Exploiting in-network processing for big data management

  • Authors:
  • Lukas Rupprecht

  • Affiliations:
  • Imperial College, London, United Kingdom

  • Venue:
  • Proceedings of the 2013 Sigmod/PODS Ph.D. symposium on PhD symposium
  • Year:
  • 2013

Quantified Score

Hi-index 0.00

Visualization

Abstract

Data processing systems face the task of efficiently storing and processing data at petabyte scale, with the amount set to increase in the future. To meet such a requirement, highly scalable, shared-nothing systems, e.g. Google's BigTable [6] or Facebook's Cassandra [14], are built to partition data and process it in parallel on distributed nodes in a cluster. This allows the handling of data at scale but introduces new challenges due to the distribution of data.
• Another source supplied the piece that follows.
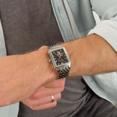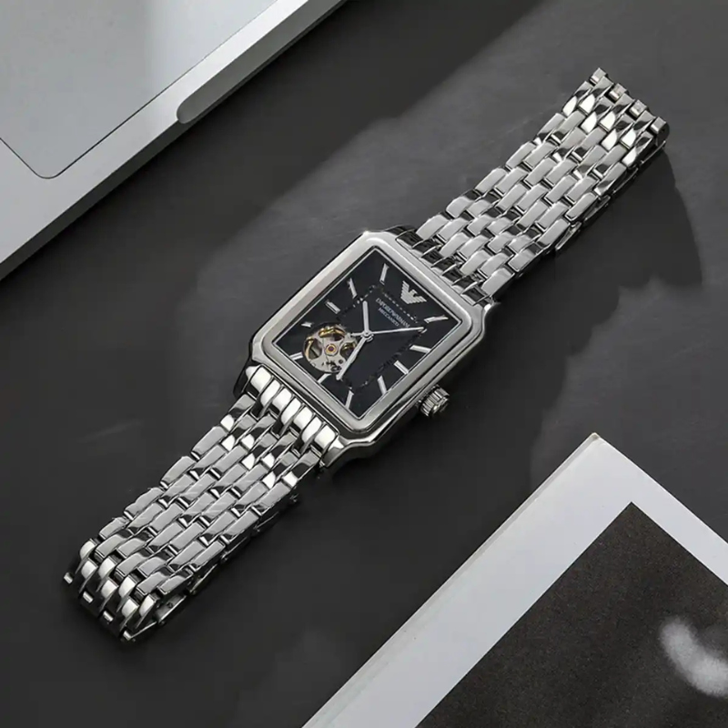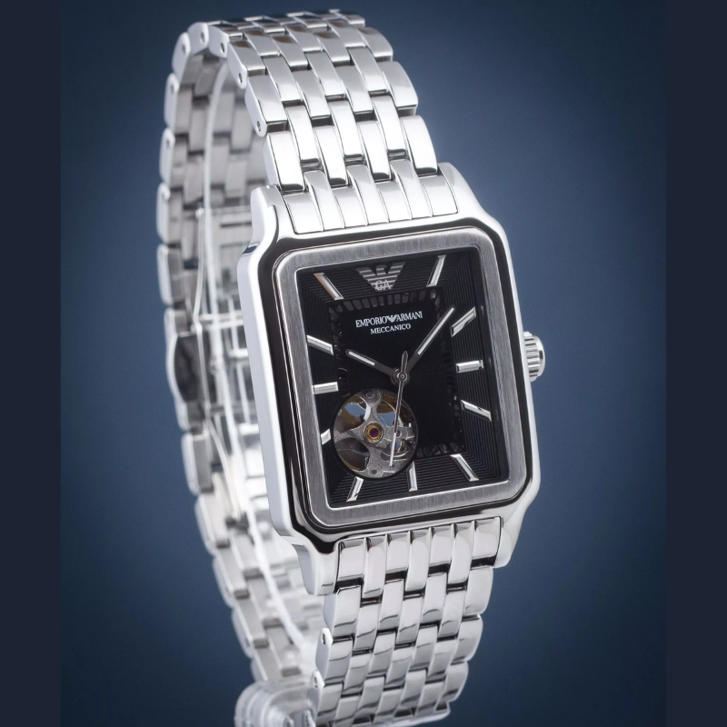 Rectangular envelope and fitted bracelet form a silver watch for men, emporia Armani diego open-heart automatic ar60057. The product is powered by the Miyota 82S0 automatic mechanism on 21 stones. The black open-heart disc has been decorated with guiling effect, and it was covered with a mineral slide for protection against external damage.

Running queries involves a high network overhead because data has to be exchanged between cluster nodes and hence, the network becomes a critical part of the system. To avoid the network bottleneck, it is essential for distributed data processing systems (DDPS) to be aware of the network rather than treating it as a black box. We propose in-network processing as a way of achieving network-awareness to decrease bandwidth usage by custom routing, redundancy elimination, and on-path data reduction. Thereby, we can increase the query throughput of a DDPS. The challenges of an in-network processing system range from design issues, such as performance and transparency, to the integration with query optimisation and deployment in data centres. We formulate these challenges as possible research directions and provide a prototype implementation. Our preliminary results suggest that we can significantly improve query throughput in a DDPS by performing partial data reduction within the network.